After a few weeks spent recharging my battery in the wake of covering SXSW 2024, I’m locked and loaded for the 18th annual Dallas International Film Festival (DIFF), which will be held April 25-May 2 at several theaters around town. DIFF 2024 will feature screenings of over 100 titles, many of which will be world premieres. The festival will also be host to a panel discussion about the future of cinematic exhibition and dozens of opportunities to hear filmmakers speak about their movies at post-screening Q&As.
Regular readers will know that when given free rein, I tend to gravitate toward documentaries at film festivals. DIFF 2024 has plenty of intriguing-sounding docs on offer that should scratch the itch. Here are a few of the documentaries I’ve added to my tentative screening schedule:
- Shaking It Up: The Life and Times of Liz Carpenter: The story of a woman who, according to the DIFF website description, reported on the JFK assassination, helped enact Great Society reforms from within the White House, and championed the Equal Rights Amendment, among other achievements.
- Print It Black is a doc that follows journalists reporting from Uvalde, TX in the aftermath of the Robb Elementary school shooting.
- An Army of Women documents the work of a group of women in Austin, TX who “join forces and help build a movement of plaintiffs legally challenging the system that allowed their rapists to walk free.”
- Clemente, executive produced by Richard Linklater, promises to be an “immersive documentary about the remarkable life and legacy of MLB icon Roberto Clemente.”

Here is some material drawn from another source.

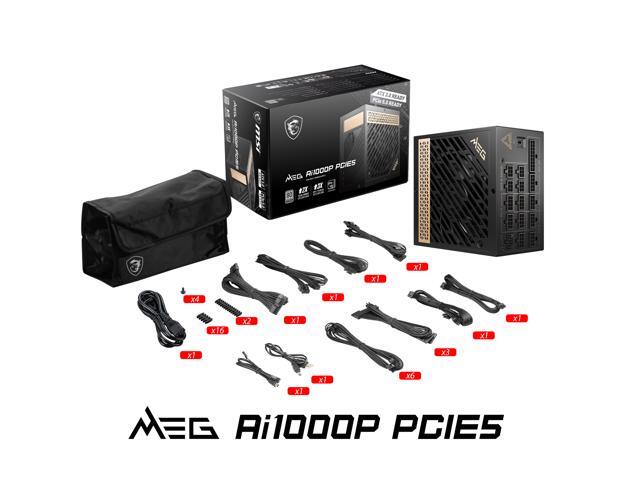 MSI- MEG Ai1000P PCIE 5.0, 80 PLATINUM Full Modular Gaming PSU, 12VHPWR Cable, 4080 4090 ATX 3.0 Compatible, 1000W Power Supply

I’ve already had the chance to sample one of the documentaries premiering at DIFF 2024. In preparation for a media roundtable discussion featuring two of the film’s producers, I screened Water Wars, which is making its world premiere at DIFF 2024 and is playing twice, on Friday, April 26 (that screening has already sold out) and on Sunday, April 28, both at DIFF’s primary venue, Uptown’s Violet Crown Cinema.

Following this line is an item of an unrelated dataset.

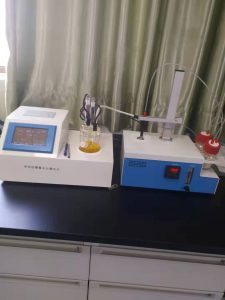 3.6、初次使用新鮮的庫侖電量法卡爾費(fèi)休試劑含有過量的碘,顏色為深紅色,儀器中間提示過碘狀態(tài),然后用微量注射器抽取20~50ul的純水從加樣口緩慢加入反應(yīng)杯液面以下,直至反應(yīng)杯內(nèi)液體顏色變淡黃色,儀器左上方提示過水,含水量顯示值開始計(jì)數(shù),停止加水,如果加入過多的水會導(dǎo)致電解平衡需要較長的時(shí)間。

Water Wars tells the story of ranchers and farmers battling it out at public meetings held by the Hudspeth County water board after the city of El Paso announces that it would like to buy water rights from the residents of neighboring Dell City. El Paso needs the extra water for its growing population.
The situation becomes combative when two out-of-state billionaires begin making moves to secure the lucrative water rights for themselves. The underhanded machinations of the billionaires and their manipulation of the Hudspeth County water board sparked a legal case that was ultimately decided by the Texas State Supreme Court.
I wish I had enjoyed director Mario Mattei’s film. Produced by a family member of one of the subjects of the documentary, Water Wars plays like a vanity project made to memorialize a millionaire’s defeat over a billionaire. Mattei makes the core of the movie about the injustice of a system that would deny the ownership of buried resources – in this case, underground water reservoirs – to the people who own the land under which those resources sit.
What stuck in my mind while watching Water Wars, though, was the scramble from all involved to try to make as much money as possible from a substance vital to human survival. As my wife succinctly put it in her own Letterboxd review for the movie: “NO ONE SHOULD OWN THE WATER.”
There are also several structural issues with Water Wars. It struggles to give us basic information pertinent to the story it’s telling, like establishing a timeline of events. I wasn’t even sure in what year the Texas Supreme Court decided the case that is central to the entire film.
A few instances of connective voiceover narration in the movie are written and performed like they’re being delivered by a prairie cowpoke, including clichéd passages about ridin’ and ropin’ freedom-lovin’ Texans. (You can hear the narrator carefully drop every “g,” that is when the music on the soundtrack doesn’t drown out what he’s saying.)
DIFF 2024 will also offer a few opportunities for me to catch up with titles I missed at last month’s SXSW. Principal among them is A24’s new horror film from director Jane Schoenbrun – and producer Emma Stone – called I Saw the TV Glow. It was a buzzy title at SXSW, one of those movies that you hear people talking about as a must-see. From the DIFF website: “Teenager Owen is just trying to make it through life in the suburbs when his classmate introduces him to a mysterious late-night TV show — a vision of a supernatural world beneath their own. In the pale glow of the television, Owen’s view of reality begins to crack.”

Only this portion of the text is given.